** Opening GIVEN DATA block **
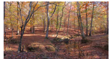
Soldiers compete in annual Sniper Match at Camp Butner (top). Dickens Creek at Camp Butner (bottom).
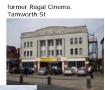
former Regal Cinema, Tamworth St
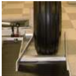
Small Wheel 0" & 4"
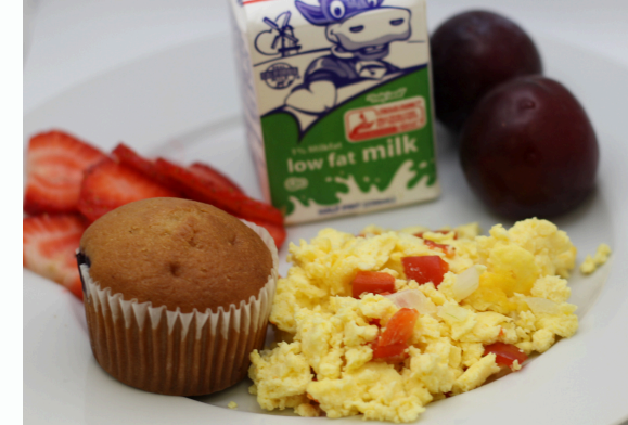
Breakfast Egg Scramble with Mini Muffin OR Cinnamon Roll
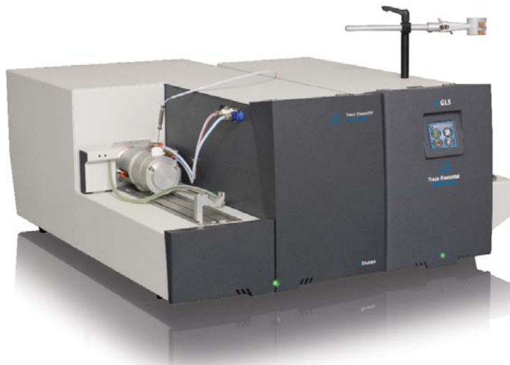
Configuration: XPLORER with GLS*
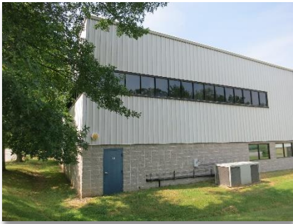
Exterior View of Office Area
** Closing GIVEN DATA block **
INSTRUCTIONS TO FOLLOW
Report every line in the listing that holds the word "with".

ANSWER AREA
Breakfast Egg Scramble with Mini Muffin OR Cinnamon Roll
Configuration: XPLORER with GLS*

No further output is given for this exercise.